Дальше – туман. Дима трясся до работы сначала в метро, потом на автобусе, и ладно бы у него играла в наушниках музыка – на деле же он вставил наушники, чтобы приглушить звуки бурлящего вокруг мира, и не включил ни единой песни, даже из тех, которые он сохранил в отдельном плейлисте на случай, когда все идет откровенно хреново. Дима не хотел слышать ни единого звука, кромке звука мертвой тишины.
На работе он почти насильно заставлял себя быть улыбчивым и доброжелательным. Обычное «хорошего вечера!» он тянул из себя клещами – это был болезненный процесс. Благо, почти все свои пол смены он стоял за кофемашиной и лишь изредка взаимодействовал с гостями заведения.

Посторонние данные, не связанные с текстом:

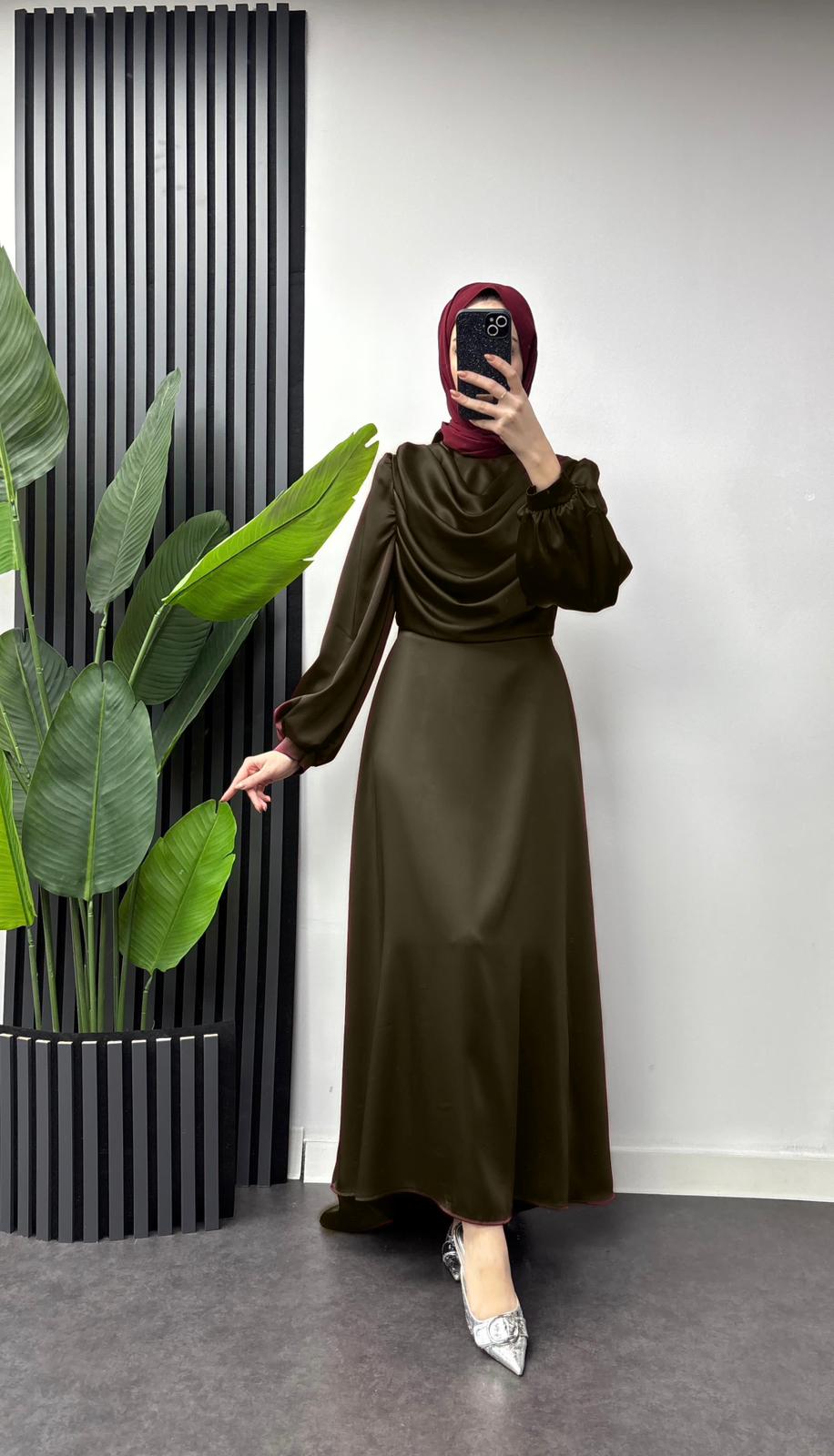 Fırsat Ürünü - Yakası Taşlı Saten Elbise - İp Çekme / Kemersiz

Обычно Дима любил находиться в кофейне. Обычно ему нравилось переплетение красного, зеленого и белого цветов в интерьере. Обычно нравилось, что над каждым столиком висела красивая лампочка с белым минималистическим плафоном. Обычно нравилось, что кофемашина была не автоматической, а как положено двухрожковой, потому что при каждом изготовлении напитка он мог вложить свою душу в процесс: сначала постараться идеально ровно протемперовать кофейную таблетку, затем вставить холдер в кофейную группу, нажать на кнопку пролива и подставить стакан как раз в ту же секунду, когда начиналась экстракция. Обычно.
Но не сейчас.
Все, чего он хотел – прийти домой и завалиться в кровать.

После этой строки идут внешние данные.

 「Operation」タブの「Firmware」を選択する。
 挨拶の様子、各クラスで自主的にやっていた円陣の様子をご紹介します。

Его коллега Лера в тот вечер была единственной, кто заметил димино непривычное состояние.
– Дим, ты же знаешь, что тут у каждого второго сотрудника беды с башкой. Может, ты тоже – того, а?
Конечно, она сказала это в шутку, однако Дима воспринял это слишком серьезно и посмотрел на Леру убийственным взглядом.
– Глупости.
Придя домой после смены, Дима без чувств завалился в кровать и заснул, словно силы покинули его еще на работе. Он стал часто уставать, даже проделанные им полтора километра от кофейни до остановки отозвались в нем сильнейшим упадком сил. Он чувствовал себя в крайней степени паршиво, каждое действие, сделанное им, был из-под палки. Дима ненавидел себя за это и в то же время недоумевал, почему мир внутри него, который он строил все свои двадцать лет с помощью темперамента, крепкого характера и справедливого мировоззрения, – этот мир расстроился подобно старой гитаре. Мир окрасился в серый, и в нем не осталось ничего, что Дима взращивал в себе целые годы жизни, кроме глубокой и непонятно откуда взявшейся тоски.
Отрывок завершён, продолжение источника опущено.